> **Instructions to follow**: Write out the entries below exactly, but only from the line containing "おはようございます☺️#経済指標 #米国株 #Headlines" through the line containing "Lululemon grey multi", and without the pictures.

> **Excerpted records**:
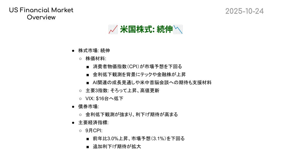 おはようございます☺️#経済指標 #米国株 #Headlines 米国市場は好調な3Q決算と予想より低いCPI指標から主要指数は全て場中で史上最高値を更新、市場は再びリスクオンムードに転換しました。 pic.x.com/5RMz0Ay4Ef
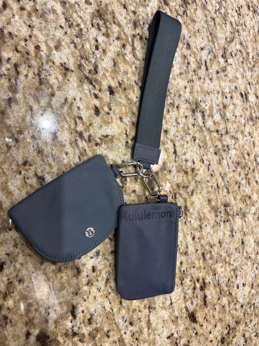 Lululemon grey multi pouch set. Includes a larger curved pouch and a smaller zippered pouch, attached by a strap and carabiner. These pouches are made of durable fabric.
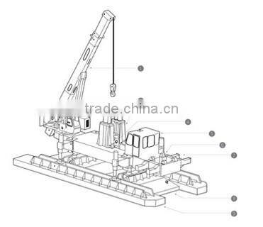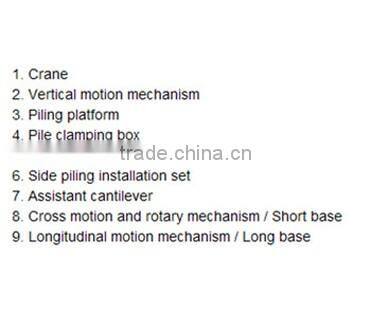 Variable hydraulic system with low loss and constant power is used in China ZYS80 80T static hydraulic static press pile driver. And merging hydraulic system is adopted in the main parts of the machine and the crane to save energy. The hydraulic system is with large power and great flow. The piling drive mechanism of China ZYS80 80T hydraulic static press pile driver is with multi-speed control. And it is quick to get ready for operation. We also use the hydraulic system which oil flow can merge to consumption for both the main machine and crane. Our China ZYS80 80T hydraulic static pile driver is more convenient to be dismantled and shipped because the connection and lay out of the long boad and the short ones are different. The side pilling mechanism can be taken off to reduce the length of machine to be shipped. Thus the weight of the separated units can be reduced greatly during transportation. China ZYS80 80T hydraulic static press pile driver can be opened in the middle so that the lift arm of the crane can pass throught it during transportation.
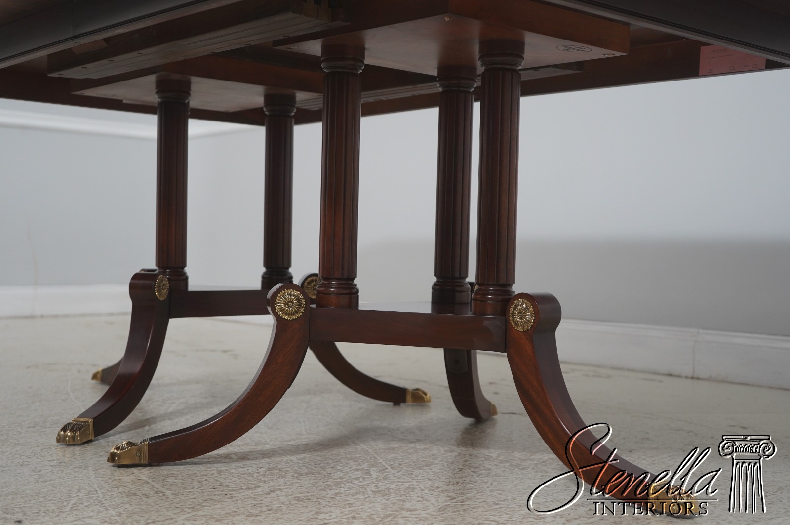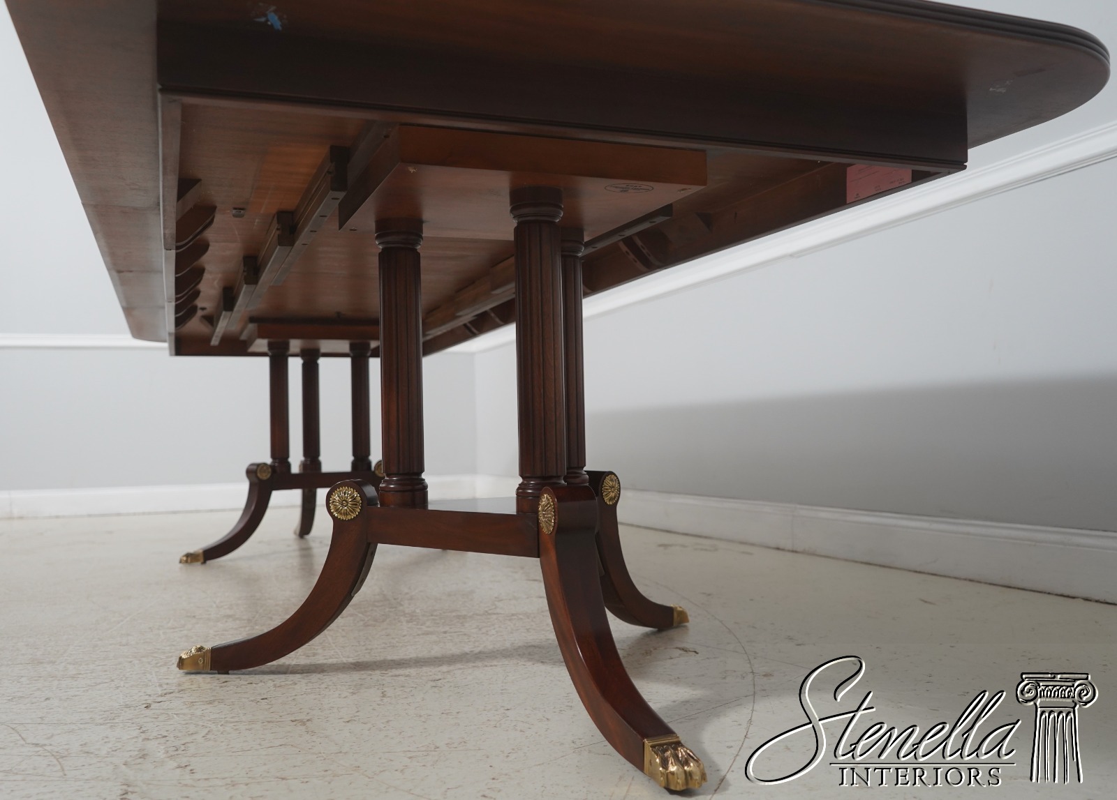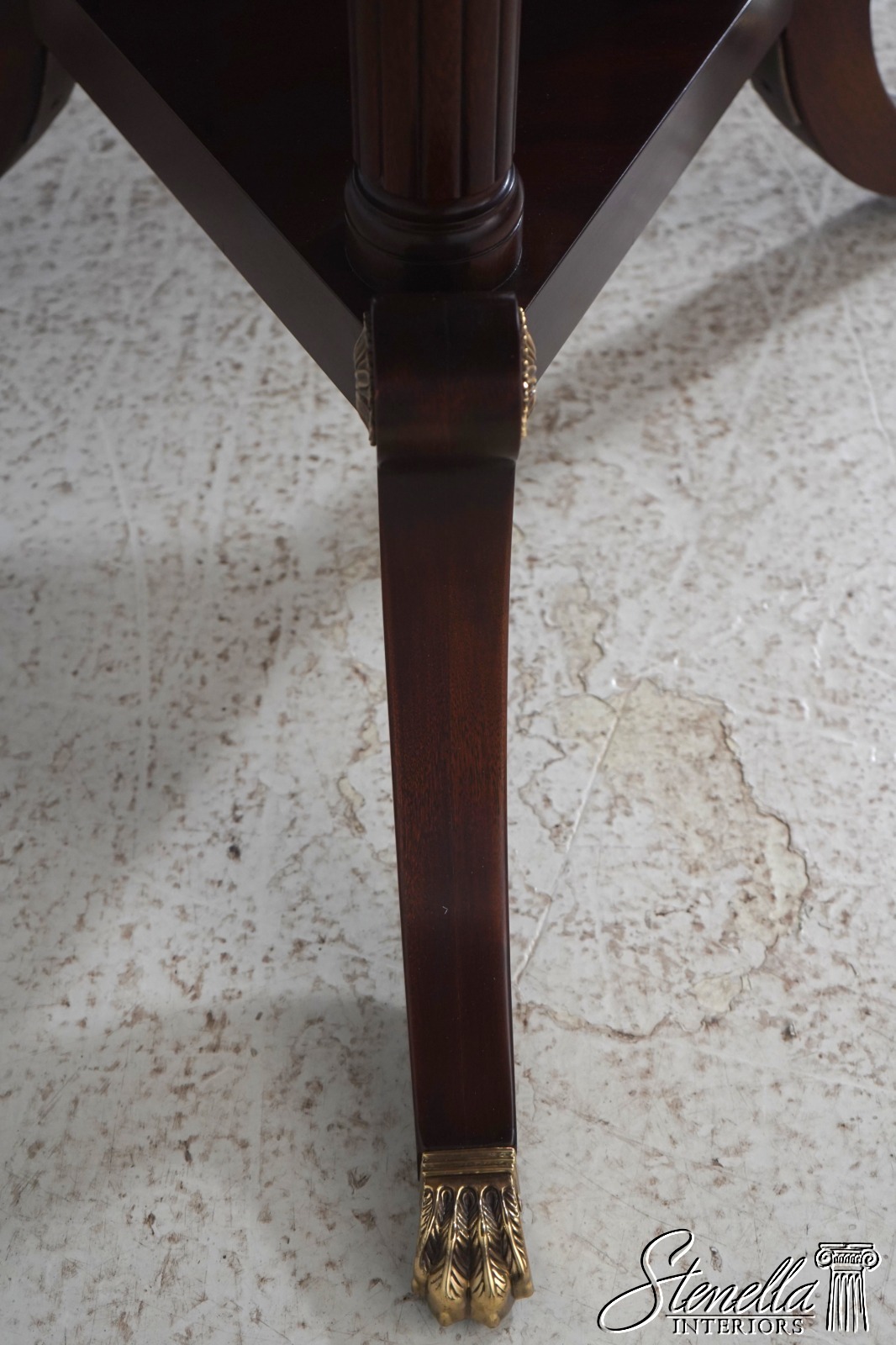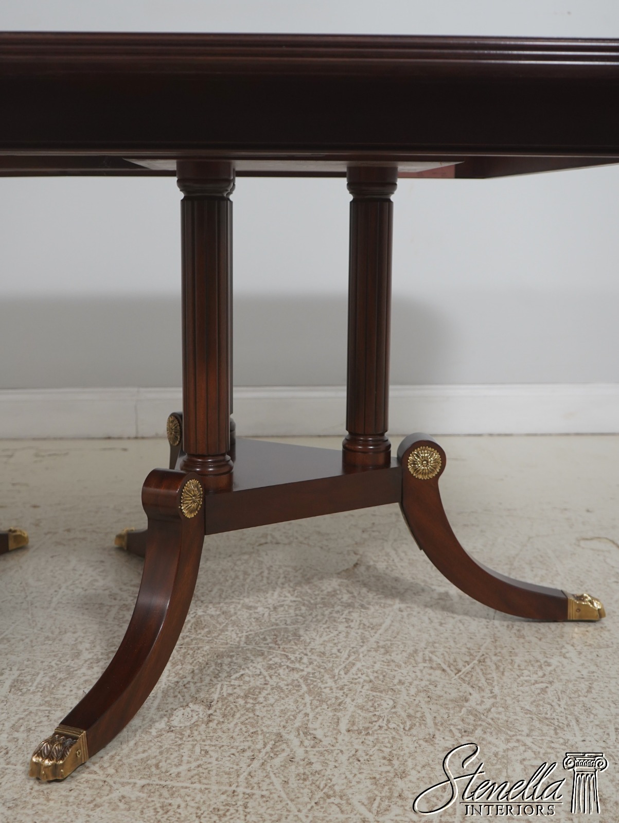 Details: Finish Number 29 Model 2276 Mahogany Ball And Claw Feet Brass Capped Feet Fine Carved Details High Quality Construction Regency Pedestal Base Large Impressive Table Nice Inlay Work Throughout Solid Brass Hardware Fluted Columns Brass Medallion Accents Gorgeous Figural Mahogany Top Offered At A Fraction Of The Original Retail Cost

--

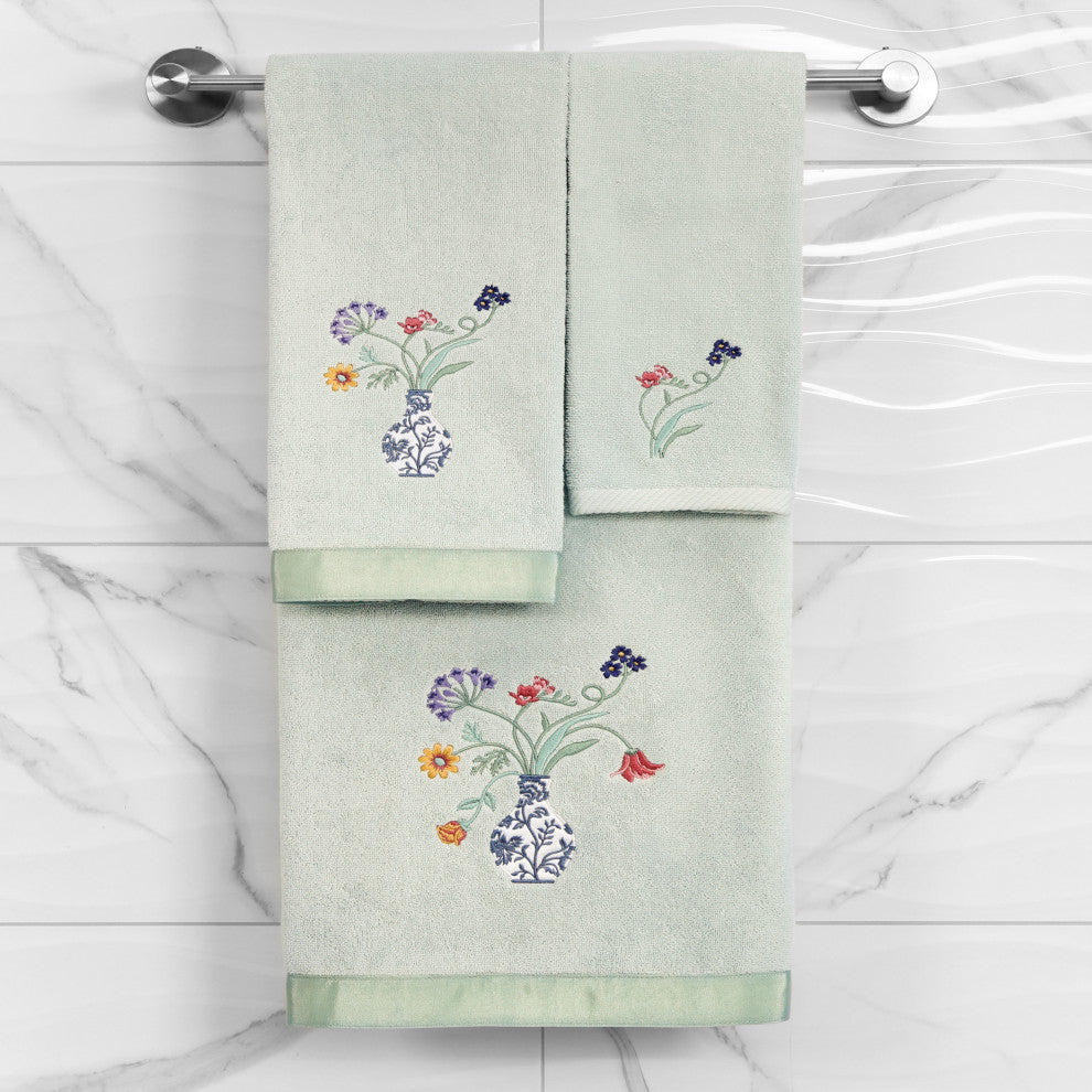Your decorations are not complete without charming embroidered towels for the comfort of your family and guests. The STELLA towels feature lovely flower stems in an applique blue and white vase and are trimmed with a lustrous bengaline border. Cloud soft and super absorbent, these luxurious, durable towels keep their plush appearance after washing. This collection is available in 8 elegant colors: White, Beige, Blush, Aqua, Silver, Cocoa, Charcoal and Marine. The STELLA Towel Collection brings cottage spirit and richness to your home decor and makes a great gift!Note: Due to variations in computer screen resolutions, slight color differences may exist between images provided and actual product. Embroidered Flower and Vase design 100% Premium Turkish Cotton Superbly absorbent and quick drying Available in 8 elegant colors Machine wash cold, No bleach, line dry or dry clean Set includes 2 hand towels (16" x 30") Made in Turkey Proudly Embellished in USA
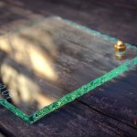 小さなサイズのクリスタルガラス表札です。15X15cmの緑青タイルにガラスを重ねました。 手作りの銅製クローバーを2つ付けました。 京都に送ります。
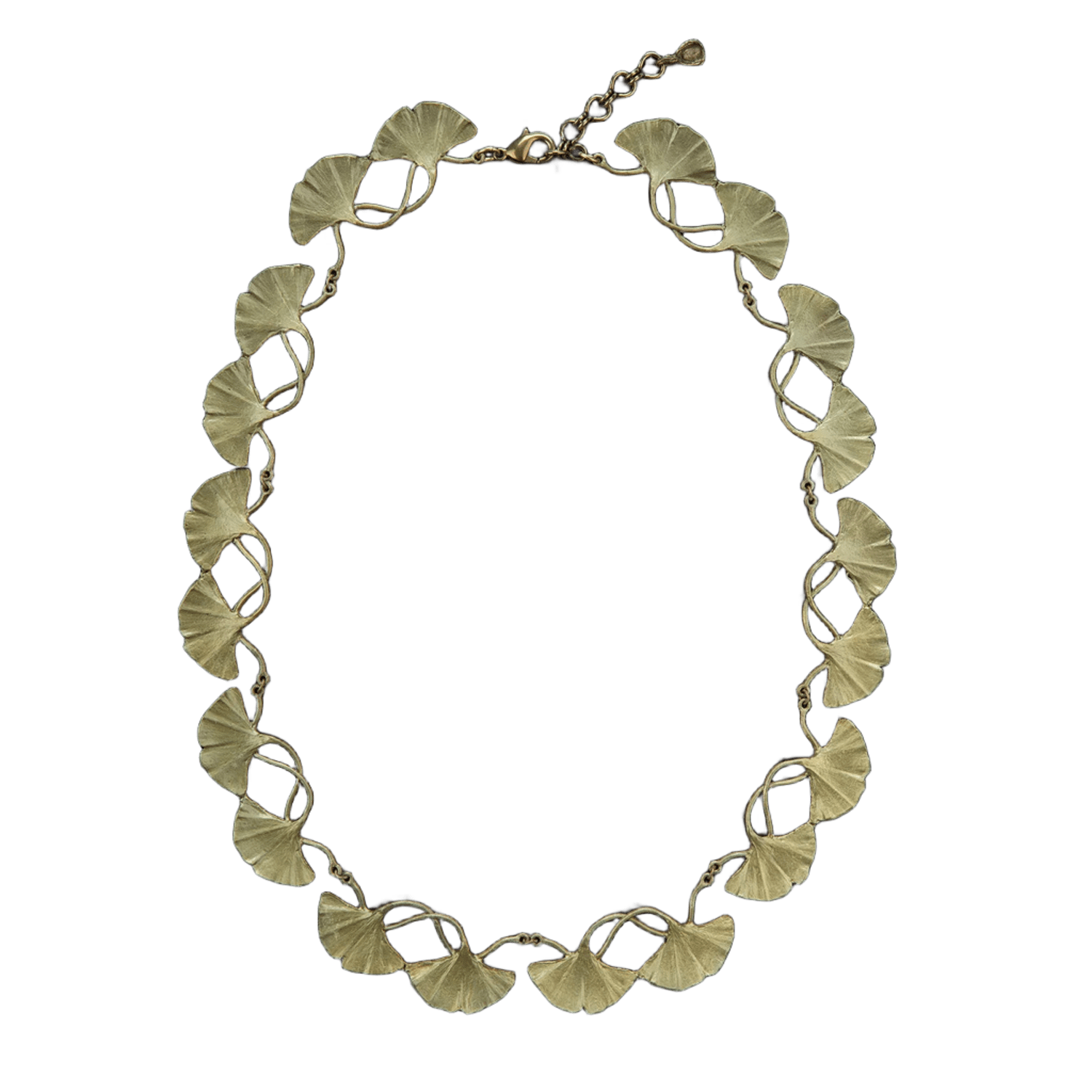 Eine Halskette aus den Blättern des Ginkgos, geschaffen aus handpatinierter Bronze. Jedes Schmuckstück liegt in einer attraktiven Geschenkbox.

> **Exercise output**:
 おはようございます☺️#経済指標 #米国株 #Headlines 米国市場は好調な3Q決算と予想より低いCPI指標から主要指数は全て場中で史上最高値を更新、市場は再びリスクオンムードに転換しました。 pic.x.com/5RMz0Ay4Ef
 Lululemon grey multi pouch set. Includes a larger curved pouch and a smaller zippered pouch, attached by a strap and carabiner. These pouches are made of durable fabric.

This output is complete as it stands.